Research suggests that, depending on the body organ involved, anywhere from 15 to 75 percent of cancers are these “turtles,” reports Gawande.
“We now have a vast and costly healthcare industry devoted to finding and responding to turtles,” he says. “Our ever more sensitive technologies turn up more and more abnormalities — cancers, clogged arteries, damaged-looking knees and backs — that aren’t actually causing problems and never will. And then we doctors try to fix them, even though the result is often more harm than good.”
One town’s dramatic turnaround
Gawande’s article is more than a recitation of the harm and waste associated with many current medical practices. The article also describes how businesses and communities — aided by features in the 2010 Affordable Care Act have — have devised programs that are reducing unnecessary healthcare services while increasing necessary ones.
“It isn’t enough to eliminate unnecessary care,” writes Gawande. “It has to be replaced with necessary care.”
One of those communities is McAllen, Texas, a small town that Gawande featured in a 2009 New Yorker article. At that time, the town had some of the highest per-capita costs for Medicare in the country. Five years later, those costs have dropped dramatically — almost $3,000 per Medicare patient per year — while the care of those patients has improved.
In the wake of Gawande’s 2009 article, McAllen’s medical community experienced “bad publicity, a few prosecutions [for various types of medical fraud and kickback schemes], and some stiffened regulatory requirements,” writes Gawande. But those actions, he notes, don’t completely explain how that community eventually turned around its approach to caring for Medicare patients.
More important, he says, was a new emphasis on “viewing the primary-care doctor as a kind of contractor for patients, reining in pointless testing, procedures, and emergency-room visits, coordinating treatment, and helping to find specialists who practice thoughtfully and effectively.”
Replacing anxiety with reason
Gawande describes this approach — and why it seems to be working — in the New Yorker article. You can go there for the details.
But Gawande also acknowledges that for this type of approach to work, patients — not just the medical community — will need to understand and embrace it, too.

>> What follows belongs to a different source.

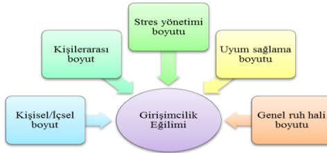
Şekil 1: Araştırma modeli (Bar-On Modeli)

Araştırmanın temel amacı duygusal zeka alt boyutlarının girişimcilik eğilimi ile ilişkisinin ölçülmesidir. Bununla birlikte katılımcıların demografik özelliklerinin girişimcilik eğilimi ile ilişkisi analiz edilmeye çalışılmıştır. Buna göre çalışmada kullanılan Bar-On modeli (2000:365) aşağıdaki şekil yardımıyla gösterilmiştir.

“Waste is not just consuming a third of healthcare spending; it’s costing people’s lives,” he writes. “As long as a more thoughtful, more measured style of medicine keeps improving outcomes, change should be easy to cheer for. Still when it’s your turn to sit across from a doctor, in the white glare of a clinic, with your back aching, or your head throbbing, or a scan showing some small possible abnormality, what are you going to fear more — the prospect of doing too little or of doing too much?”

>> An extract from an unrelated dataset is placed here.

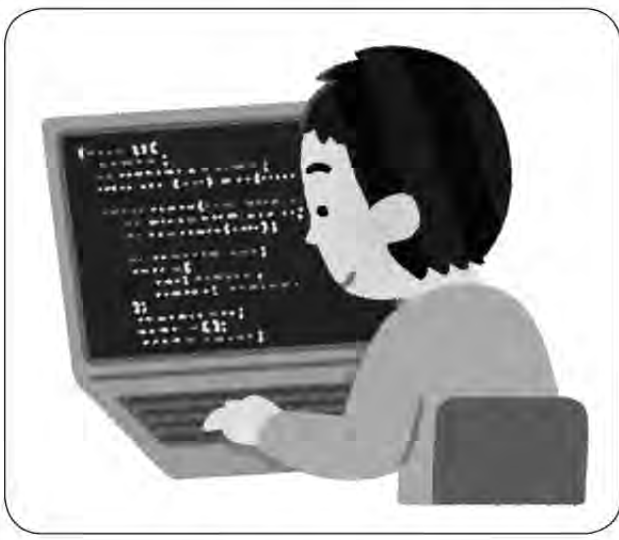
保守費用管理も大切

That patient anxiety often trumps all reason — as it did in the case of Gawande’s patient who was determined to have her thyroid gland removed, even after being advised that it was unnecessary and posed some serious health risks.

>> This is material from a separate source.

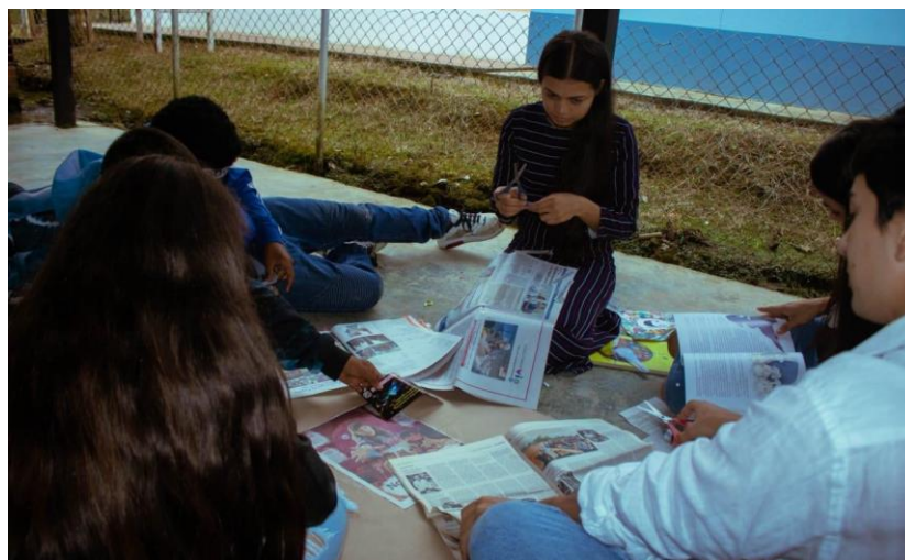
Imagen 8. Taller educomunicativo: el póster.

A propósito de lo anterior, los procesos de perdón y reconciliación siguen teniendo retos en cuanto a los resultados efectivos para la construcción de paces en Dabeiba. Por un lado, como consecuencia de la manera en que se han dispuesto los escenarios para el perdón y la reconciliación entre comunidades (eventos, capacitaciones y reuniones), que ignoran las dinámicas sociales, las lógicas territoriales y se convierten en actos protocolarios que no suscitan intereses, como lo ha expuesto el grupo de participantes. Por otro lado, debido a que el perdón y la reconciliación se han convertido en indicadores para demostrar y medir el compromiso de las comunidades y las organizaciones competentes con la construcción de paces, mas no son procesos de reflexión conscientes y significativos (Derrida, 2012).
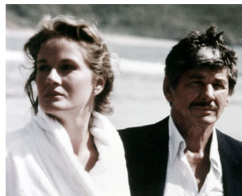
1980 CABO BLANCO de Jack Lee-Thompson avec Charles Bronson

“I couldn’t help reflect on how that anxiety had been created,” writes Gawande. “The medical system had done what it so often does: performed tests, unnecessarily, to reveal problems that aren’t quite problems to then be fixed, unnecessarily, at great expense and no little risk. Meanwhile, we avoid taking adequate care of the biggest problems that people face — problems like diabetes, high blood pressure, or any number of less technologically intensive conditions. An entire health-care system has been devoted to this game. Yet we’re finally seeing evidence that the system can change — even in the most expensive places for health care in the country.”
Gawande’s article appears in the May 11 issue of the New Yorker.
Correction: An earlier version of this story misstated the date of the New Yorker article.